PS5やX box Series X、Nintendo Switchといった家庭用ゲーム機は、テレビに接続して遊ぶように作られています。ところが、「APEX Legend」のようなシューティングゲームや「ストリートファイターV」をはじめとする格闘ゲームの上級プレイヤーの間では、テレビではなくゲーミングモニターでプレイすることが常識です。


ゲーミングモニターとテレビの違いはどこなの?

ゲーミングモニターとテレビの違い

ゲーミングモニターとは、パソコンでゲームをすることに特化して設計されたモニター。テレビと異なり放送受信用のチューナーや録画機能は搭載されていません。また、同じ画面サイズで比較した場合、価格はテレビの倍近くとなります。
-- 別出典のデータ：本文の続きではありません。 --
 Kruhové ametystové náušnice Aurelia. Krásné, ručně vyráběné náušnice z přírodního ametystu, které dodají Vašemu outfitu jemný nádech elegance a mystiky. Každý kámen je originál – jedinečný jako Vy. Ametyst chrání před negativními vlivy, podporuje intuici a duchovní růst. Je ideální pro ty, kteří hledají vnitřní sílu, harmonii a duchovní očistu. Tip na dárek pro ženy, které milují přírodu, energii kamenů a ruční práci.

価格が倍近くなるにはそれなりの理由があり、ゲーミングモニター最大の特徴は、画面表示の遅延が少ないことにあります。テレビ・ゲーミングモニターいずれも、外部機器をHDMI端子などで接続した際には、画像信号の処理が行われます。

画像信号の処理には、見かけ上の解像度を上げる超解像度処理、ノイズ処理などさまざまなものが存在。多くのテレビは画質重視で設計されるため、画像処理に時間がかかってしまいます。そのため、ゲーム機を接続してプレイする場合、この遅れ(表示遅延)が不利になることが多いのです。

ゲーミングモニターとテレビの処理

例えば、画像処理に0.1秒かかるテレビの場合、0.1秒前の画像を見ながらゲームをプレイすることになり、パッドでの操作とゲーム内の動きに0.1秒のズレが生じてしまいます。0.1秒とはいえ、シューティングゲームや格闘ゲームなどでは深刻な影響があり、上級プレイヤー同士の対戦になるほど遅延が大きいテレビでのプレイは不利になるのです。
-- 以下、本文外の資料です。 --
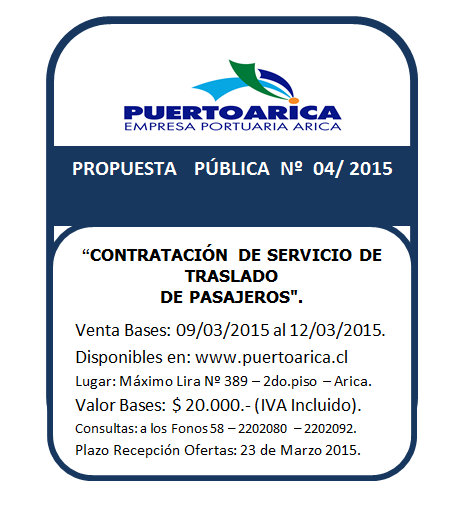 Empresa Portuaria Arica: Propuesta Pública N° 4/2015 Contratación de Servicio de Traslado de Pasajeros

この点、ゲーミングモニターでは画像処理のステップを省略することで、表示遅延が少なくなるような設定。最新のテレビのなかには、表示遅延をなるべく減らした「ゲームモード」を搭載するモデルもありますが、ゲーム中心で利用するのであればゲーミングモニターを選んだ方が確実です。

さらに、家庭用ゲーム機でなくパソコンのゲームをプレイする場合は、テレビに接続するとフレームレートの問題も発生します。フレームレートとは、1秒間に何枚の画像を表示できるかを示すもので、テレビの場合最大60枚が一般的なのに対し、ゲーミンモニターでは120枚以上に対応するモデルがほとんどです。


ゲーミングモニターとテレビの画質差

PS5を始めとする家庭用ゲーム機では、テレビに接続することを想定するため、フレームレートは1秒間60枚です。一方、パソコンの場合、グラフィックボードの設定でフレームレートを上げることが可能で、高価なグラフィックボードを利用することで120枚以上へ上げることが可能です。

1秒間60枚と120枚を比較すると、120枚の方が画面の切り替わりにかかる時間がおよそ100分の1秒速い計算になります。100分の1秒といえばごくわずかな差ともいえますが、ゲームの上級プレーヤーになればなるほど、この程度のズレでもプレイの質が変わってしまうことが少なくないのです。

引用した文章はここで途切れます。